A Conversation With Cherie Currie of The Runaways

An artist shares how she uses intuition to establish connection.

Posted Aug 11, 2020

“Dead end kids you’re not alone.” —From “Dead End Justice” by The Runaways

I was thrilled to talk with Cherie Currie of The Runaways for The Hardcore Humanism Podcast. At Hardcore Humanism, we believe that one of the best ways to help people not only survive mental and physical health issues, but also to thrive is through breaking conventional norms, finding our purpose in life, and working hard to achieve it.

This approach derives in part from humanistic psychologists such as Carl Rogers and his belief that human beings are fundamentally good and deserve unconditional positive regard, as well as Abraham Maslow’s work on self-actualization and human potential. It also pays respect to the theory, methodology, and empirical research supporting behavioral therapy, which has demonstrated the power of consistent and focused effort on human beings’ ability to change. In order to start and continue on our path to self-actualization, it is helpful to hear from outside-the-box thinkers, like Currie, who were able to challenge stereotypes, embrace who they are, and worked hard to pursue their dreams.
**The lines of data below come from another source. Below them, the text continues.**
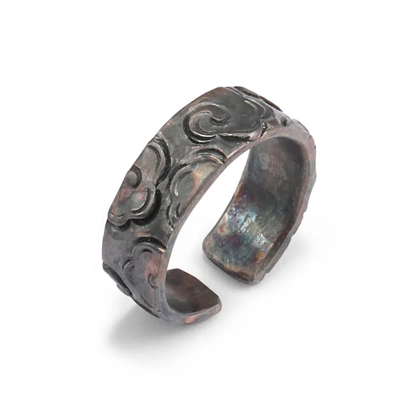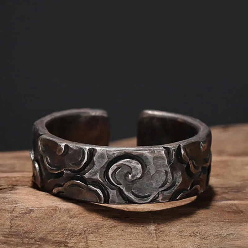 Auspicious Clouds Silver Ring features intricately carved cloud patterns symbolizing protection and blessings. Made from 999 sterling silver. this adjustable ring offers a meaningful design that reflects balance and peace. Ideal for those seeking spiritual protection and strength. the ring’s auspicious clouds represent good fortune. creating a perfect symbol for spiritual growth and mindfulness.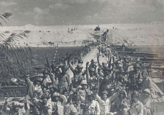 Αιγύπτιοι στρατιώτες πανηγυρίζουν μετά την επιτυχή ζεύξη της διώρυγας του Σουέζ.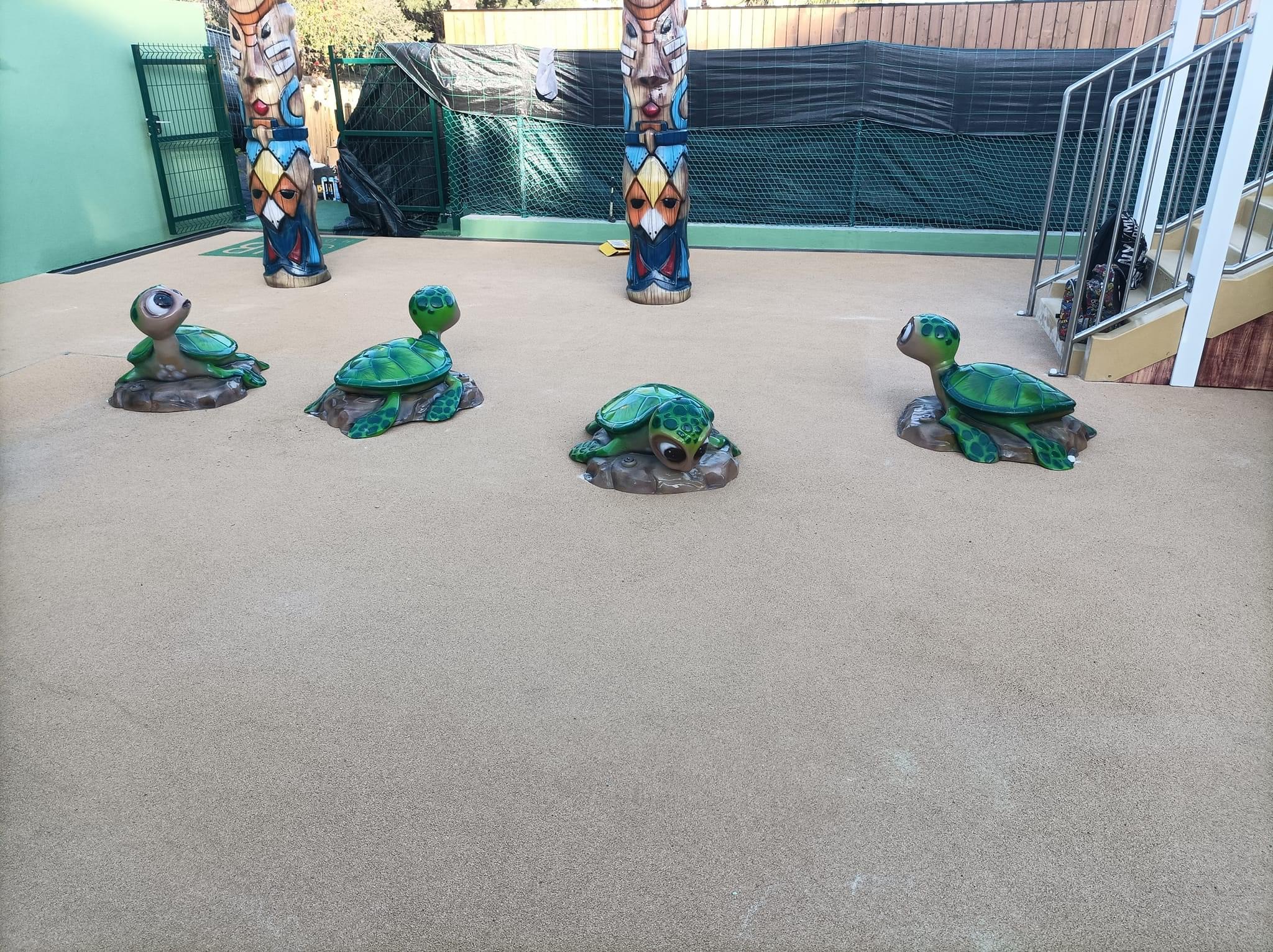 La zona húmeda fue complementada con piso amortiguante especializado, diseñado para reducir riesgos de resbalón y absorber impacto en áreas de tránsito y juego. Este sistema contribuye al cumplimiento de estándares internacionales de seguridad para espacios infantiles.

 Robert Sebree, used with permission
Source: Robert Sebree, used with permission

Currie was the lead vocalist of The Runaways—first and foremost a powerful, hard-rocking in-your-face band from the late 1970s that spawned classic songs such as “Cherry Bomb,” which VH-1 has called one of the greatest hard rock songs of all time. But The Runaways were something more. They were one of the first all-female teenage rock bands that included and launched the careers of fellow future rock icons Joan Jett and Lita Ford. Building on the strength of artists such as Tina Turner, Suzi Quatro, Grace Slick and Janis Joplin, The Runaways looked every sexist stereotype of young women in rock and threw it back in our face as they commanded the stage. And in doing so they helped kick open the doors for every artist who was told they couldn’t succeed, and provided a powerful example to every female artist who was told that women can’t rock.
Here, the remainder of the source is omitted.